Replacing one of the integrals in the multiple integral with an analytical solution

Question

Problem consist in simplifying complicated multiple numerical integral, where I know analytical solution for a subset of them. Integrand is of the form

E^(I vecr.A + I vecrp.B + I (vecr.C + vecrp.D)) (vecr.D vecrp.C - vecr.vecrp D.C),

where vecr, vecrp, A, B, C and D are real 3-vectors. I know the analytical solution of a double integral over vecr and vecrp and I want to substitute them, so Mathematica needs to recognize that ''Integral over vecr...*Exp[...*r]->f[r]'' and ''Integral over vecrp...*Exp[...*rp]->f[rp]''. vecr is given by

vecr = {r*Sqrt[1 - μ^2]*Cos[φ],  r*Sqrt[1 - μ^2]*Sin[φ], r*μ};

and similarly for vecrp.

Problem with the brute force approach where Mathematica does this analytical calculations is that it needs too much time (I haven't seen that Mathematica finishes the calculation at all).

Solution of

Table[Integrate[ vecr[[i]]*r^2*Exp[I*veck.vecr], {φ, 0, 2*Pi}, {μ, -1,  1}, {r, 0, R}] , {i, 1, Length[vecr]}]

is

I*12*Pi*R^5*(Sin[k*R]/(k*R)^5 - Cos[k*R]/(k*R)^4 -    Sin[k*R]/(3*(k*R)^3))*veck,

where

veck = {k*Cos[φk]*Sqrt[1 - μk^2], k*Sin [φk]*Sqrt[1 - μk^2], k*μk}

---

For a toy-example

Integrate[y*Exp[-t], {x, 0, \[Infinity]}, {y, 1, 5}

where I know that

Integrate[y, {y, 1, 5}]

is equal to 12 I tried

a[t_] :=  HoldForm[Integrate[y*Exp[-t], {x, 0, \[Infinity]}, {y, 1, 5}]]
a[t] /. HoldForm[Integrate[y, {y, 1, 5}] -> 12]

but it doesn't work.

Answer 1

Perhaps you can adapt this

veck = {k*Cos[φk]*Sqrt[1 - μk^2], k*Sin[φk]*Sqrt[1 - μk^2], k*μk};
vecr = {r*Sqrt[1 - μ^2]*Cos[φ], r*Sqrt[1 - μ^2]*Sin[φ], r*μ};
partial = Table[Integrate[vecr[[i]]*r^2*Exp[I*veck.vecr], {r,0,R}],{i,1,Length[vecr]}]
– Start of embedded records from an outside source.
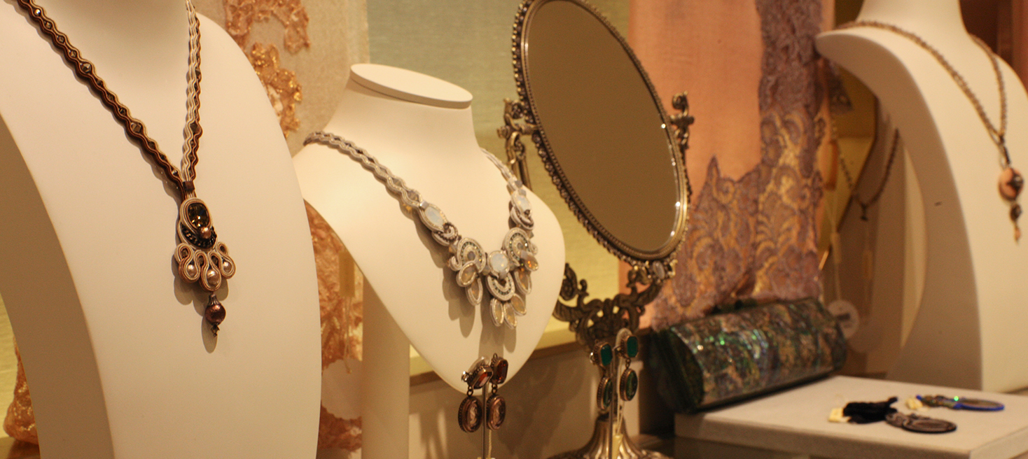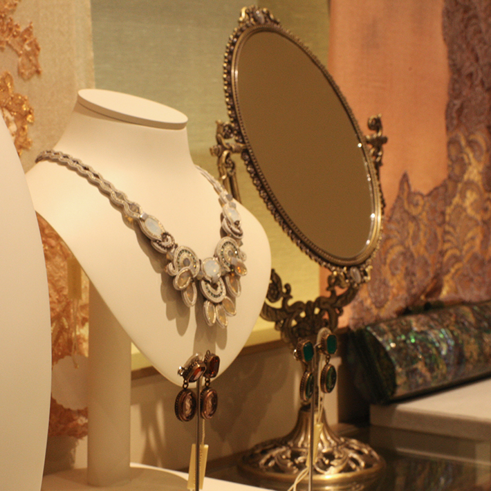 饰品多由欧洲引进,款式多样,它包含有项链、围巾、包包、帽子、头饰、鞋等,选材上乘,运用真丝、羊绒、水晶、珍珠等高档材质。采用不同气质的设计手法,无论是现代简约风格,古典奢华风格,浪漫主义风格,都能满足您的搭配需求。
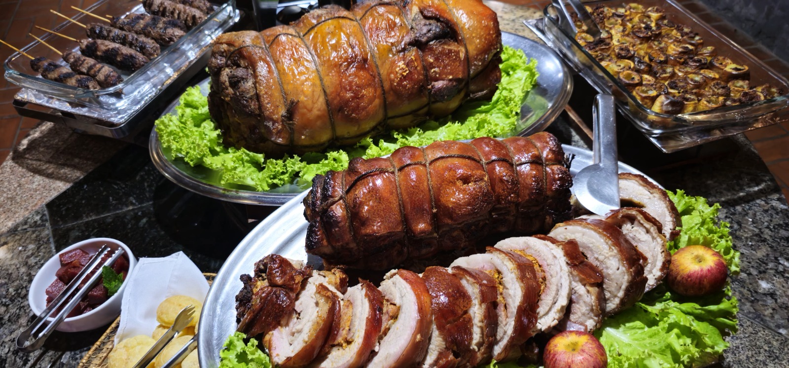 O destaque do cardápio é a irresistível porchetta, prato clássico da culinária italiana, preparado pela chef Patrícia Mazon. Feita com corte suíno temperado com ervas e especiarias, a carne é assada lentamente em forno a lenha — garantindo sabor marcante e crocância.
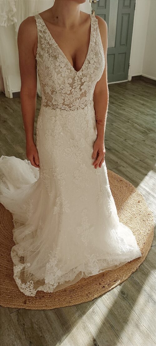 Magnifique robe de mariée tout en dentelles de la marque Sincerity.
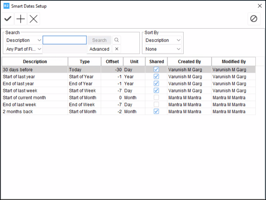 Apart from system defined smart dates, any user can create and save smart dates according to their needs. You can also share the Smart Dates created by you with others. You can personalize your search by selecting custom Smart Dates, along with system Smart Dates.
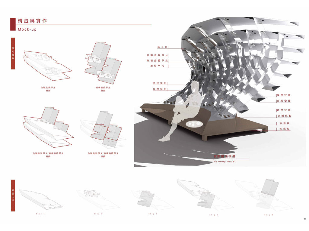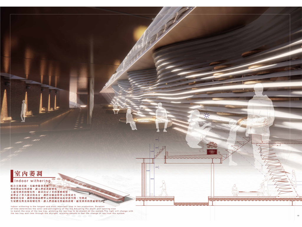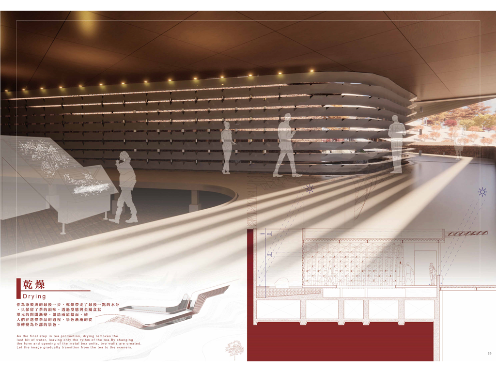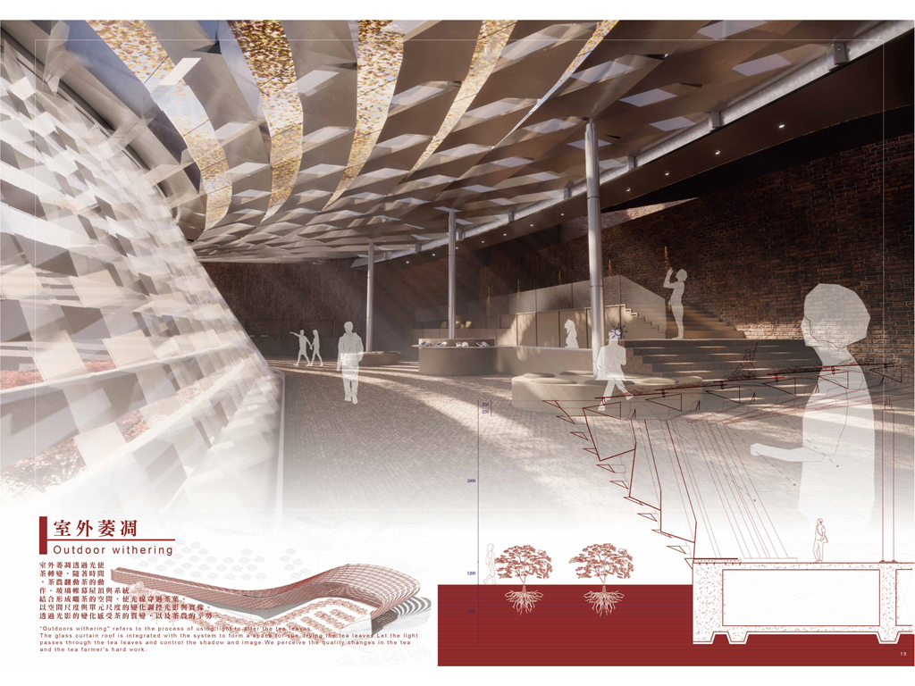 以茶的韻味變化作為空間的精神,研究建築的介面如何調控空間的韻味,並設計”盒狀交織系統”來達到空間韻味的漸變。透過金屬盒狀單元與玻璃晶體單元控制空間的光影、光暈、影像、封閉等空間元素,並以單元的交織組合形成穩定的結構系統。所,代表的一個恰到好處的空間。透過盒狀交織系統控制的韻味變化,為茶製成的7個階段創造7種恰到好處的韻味。
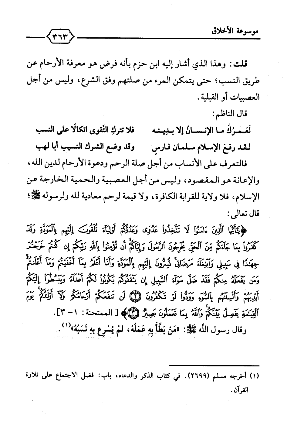 لقد رفعَ الإسلام سلمان فارسٍ ... وقد وضع الشرك النسيب أبا لهب

which will perform your integral over r.

Then to perform the integral over the remaining two variables

Map[Integrate[#, {φ, 0, 2*Pi}, {μ, -1, 1}]&, partial]

You can look up Map in the help system and see how it is going to take each item in partial one at a time, insert that in the place of that #, and perform Integrate on that.

I am not convinced this is really going to solve your problem, but you can try this on simpler examples and see if you can convince yourself that it will let you do what you asked to do.